Making sexual health consultation in Mozambique more patient-centric

How might we redesign and improve the counselling experience for adolescent girls to create greater awareness about sexually transmitted infections in an HIV-ravaged area of Mozambique? This important question was at the heart of a project carried out by ThinkPlace for Population Services International that has been recognised with a major design award from New York based Core77. The project – “Not only informed. Confident” – won a Notable Award from the design magazine.
The My Choice booklet provided information in a highly visual, easy-to-consume format

THE CHALLENGE

Situated in Southwest Mozambique, Gaza Province is known for two things: extensive cereal and rice cultivation, and its high HIV prevalence.  

Around one quarter of the adult population is HIV-positive. Among adolescents, Gaza also sees high rates of unplanned and early pregnancy.  

Public and private clinics provide family planning services for adolescents, however, these services are often not perceived as desirable or useful. Due to previous de-stigmatisation campaigns focused on HIV, many people in Gaza proclaim: "Malaria can kill you. HIV won't." Many perceive the risk of contracting HIV as plausible for others but not for them.  

Adolescents sometimes conflate products which prevent HIV with those that prevent conception, or relate the risk of contracting HIV to the risk of getting pregnant. Condom use is rarely prioritized, especially when it comes to married young women.

There is clear need for access to quality information about these matters.

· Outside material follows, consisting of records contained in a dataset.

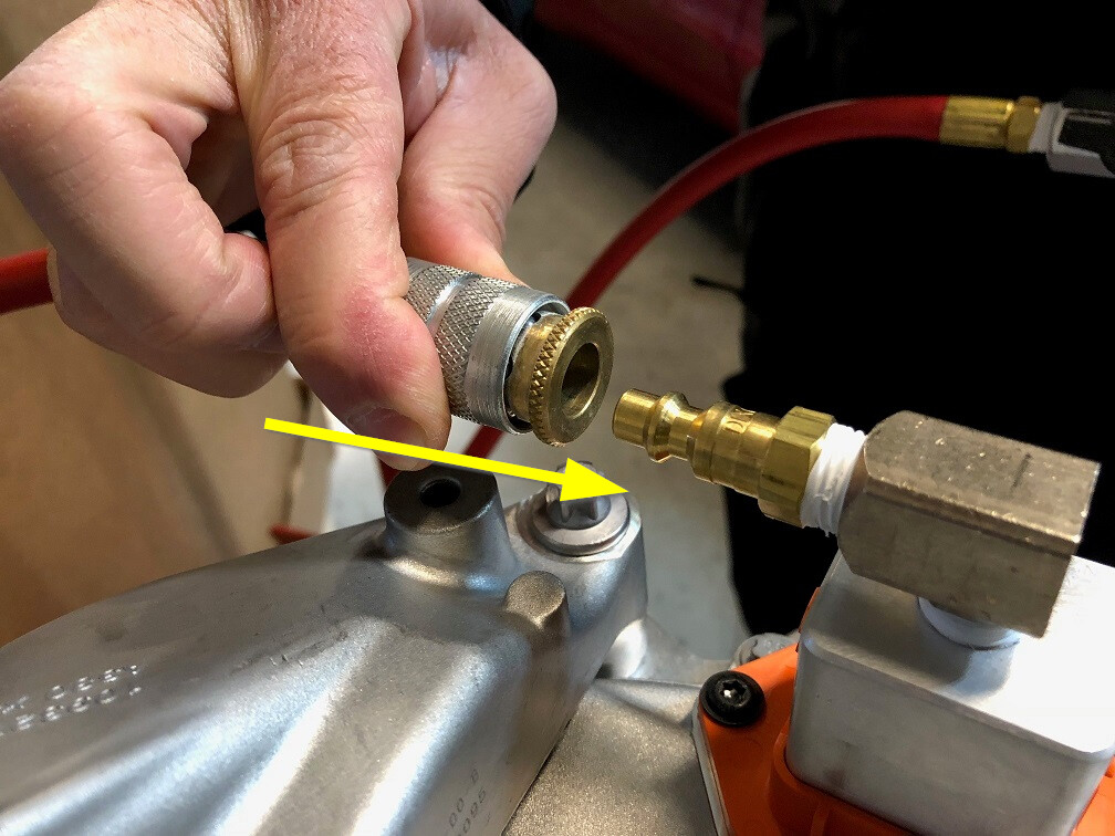 - 关闭电池组外壳泄漏测试仪上的两处阀门,然后连接一根压缩空气供应管。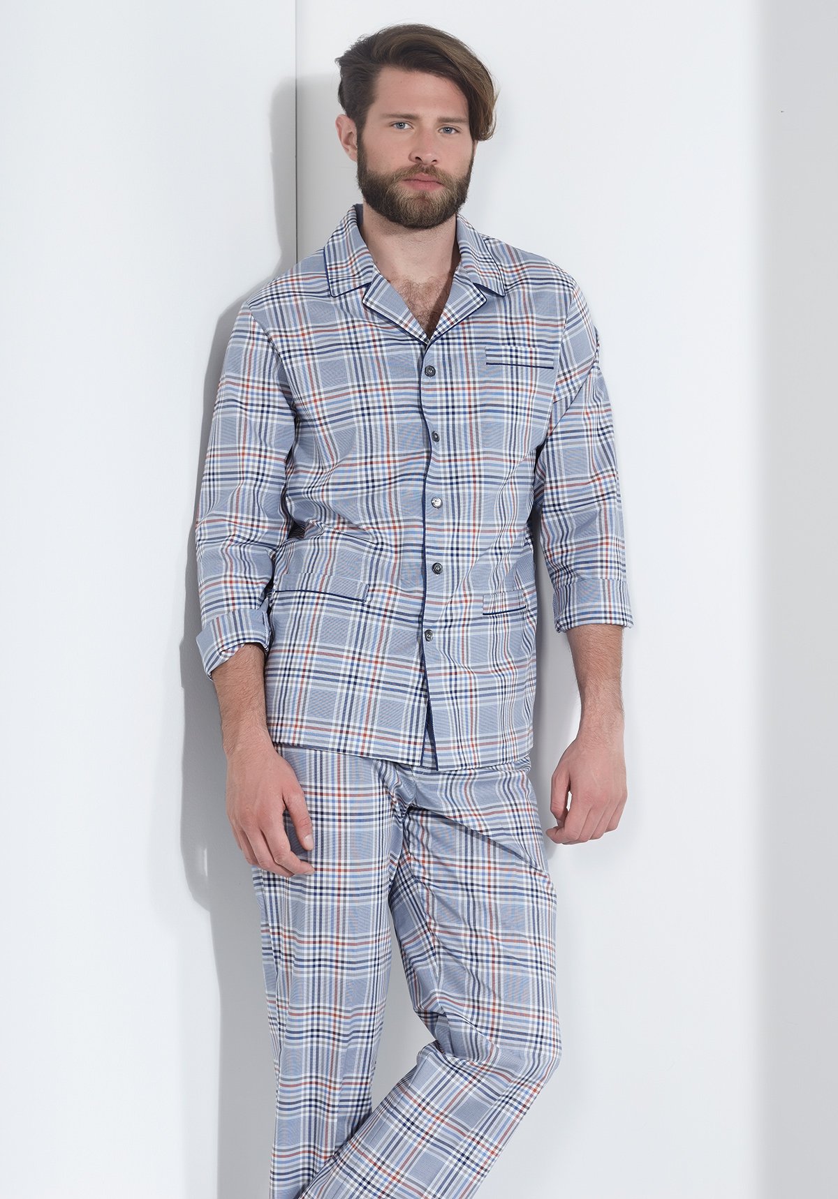 Клетчатая мужская пижама на пуговицах производства Италия. Состав 100% хлопок.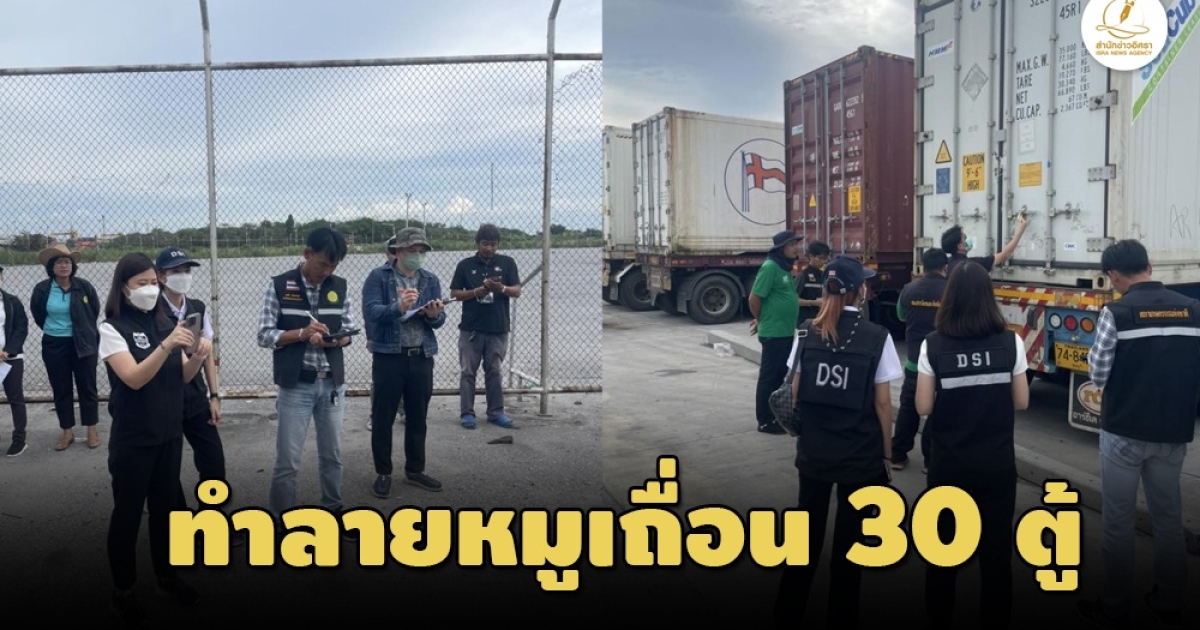 DSI สั่งทำลายซากหมูเถื่อน 30 ตู้ท่าเรือแหลมฉบัง เผย 6 ผู้ต้องหาถูกออกหมายจับติดต่อขอมอบตัวแล้ว ผลสอบซักทอดพบขาใหญ่ราชบุรี-ขรก.มีเอี่ยวลอบนำเข้า

But when adolescents and young women enter health facilities, healthcare workers find themselves providing information that our research showed as often ineffective.  

Too often, we see health sector interventions privilege technical, product-focused information over a more straight-forward message that allows the user to actually understand the product, see value in it, and feel confident in choosing it.  

 

ThinkPlace is working with PSI to improve family planning access in Mozambique

 

 

OUR RESPONSE

ThinkPlace worked in five public clinics and three private clinics in Gaza to address the challenge of improving the counselling experience for adolescent girls and young women.  

We spent a month in these clinical contexts, identifying the areas where provider behaviour translated to poor patient experience and how that poor experience led to ill-informed decision-making.  

To understand the process we immersed ourselves in it. Our team experienced the end-to-end counselling process, like any other patient.  

We waited, often for an hour or more, on wooden benches outside each clinic. Once called inside a small, hot, windowless room, a healthcare provider would furiously flip through a script of more than 50 pages, providing a wealth of information about all available contraceptive methods, their side effects and more. Patients were asked to constantly repeat the information and to nod as a sign of confirmation.  

According to providers, "If you repeat the information enough, they'll get it." But while the information was detailed and informative, few patients left feeling informed.

On average, consultations with first-time users would last for 45 minutes. Patients were inundated with information that did not take into account their lifestyle, their preferences or their specific concerns.  

On average, consultations for second-time or repeat users would last for a period of 15 minutes.  

This was primarily due to the provider not recognizing the patient's need to be counselled through a decision around potentially shifting methods. These patients had often experienced adverse effects (e.g. pain, weight gain) and were in need of clarity, reassurance, and advice.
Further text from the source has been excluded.